[JURIST] State and national housing advocates filed a class action lawsuit [complaint, PDF; press release, PDF] Wednesday arguing that Louisiana's Hurricane Katrina recovery program, Road Home Louisiana [program website], discriminates against African-American homeowners. The federally-funded program awards grants to homeowners in the lesser of the following two amounts: the pre-storm value of the home or the cost of the damage. Because home values in African-American communities are substantially lower than those of similar homes in white neighborhoods, plaintiffs National Fair Housing Alliance (NFHA) and Greater News Orleans Fair Housing Action Center (GNOFHAC) [advocacy group websites] contend in the complaint:
African Americans whose property received substantial damage and who qualify for Road Home grants are more likely than white applicants to receive a grant that is based on the pre-storm value of their home. Because the Road Home formula limits grant awards to the pre-storm value of the home where that amount is less than the cost of damage, African-American recipients of Road Home grants are more likely than white grantees to have a gap between their rebuilding resources and the cost to rebuild.
AP has more. From New Orleans, the Times-Picayune has local coverage.

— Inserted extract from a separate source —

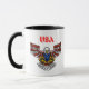 A bold and patriotic illustration featuring a bald eagle in flight, a strong national symbol of the United States. The eagle's wings are designed with elements of the American flag, using red, white, and black colors and white stars against dark feathers. The graphic has a distressed, stylized look, contrasting with the realistic depiction of the eagle's head. The text "USA" is displayed prominently in red at the bottom of the image.

The US federal government has been repeatedly criticized [JURIST report] for its alleged discriminatory treatment of African-Americans in response to Hurricane Katrina. In February the UN called on [press release] the US to put a stop to discrimination against African-Americans who were being evicted from their homes or denied access to other available housing in the wake of the hurricane. A 2007 study [AP report] found that housing discrimination against African-Americans searching for rental property post-Katrina was widespread.